Sunday, June 2, 2019
Friday Night Lights - Just Read It ! :: friday
Friday Night Lights - Just Read It   Meat head, dumb jock. These are just two of the many derogatory labels given to football game game players. Is it possible for me, a meat head, to hear the criticisms dealt to the sport of football? Is it possible for me, a dumb football jock, to understand and be objective about the issues raised in the book, Friday Night Lights? Yes, because Im not the stereo ordinary football player like those described of Odessa, Texas.   The football players in Odessa were generally a wild party crowd. It was typical that late in the fourth quarter, when the game was in the bag, the players would begin talking on the sidelines about what parties they were going to after the game, what girls they were going to try to pick up, and express mirth about how drunk they were going to get. They cared nothing for academics. The major(postnominal) star running back, Boobie Miles, was taking a math course that most students took as freshmen. Many of the senior players schedules consisted of nothing but electives. For the Oddesa footbal players, school was nothing more than a social get-to-gether, served up to them as a chance to flirt with girls and hand out with their friends.

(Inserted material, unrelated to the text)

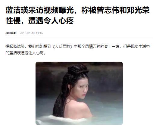 猫眼电影——蓝洁瑛采访视频曝光,称被曾志伟和邓光荣性侵,遭遇令人心疼

They knew that their work in class didnt matter the teacher would provide the needed grade to stay on the team. It wasnt uncommon for players to receive answer keys for a test or simply to be exempt from taking the test at all. Some didnt know how they would cope without football after the season was over. They ate, drank, and slept it. On the whole, these 16 and 17-year-old boys individualism was wrapped up in a pigskin.   The Odessa football players couldnt be objective about criticisms of football. Their total self-esteem depended on how they did on Friday night. This was the glorified culmination of their football career wearing the black MoJo uniform in the stadium under the big lights. Football was more than just a game to them it was a religion . It do them seem like boys going off to fight a war for the benefit of someone else, unwitting sacrifices to a strange and powerful god (Bissinger, p.11). Because football was so meaningful in their lives, to criticize it was to criticize everything theyd worked so hard for and lived for.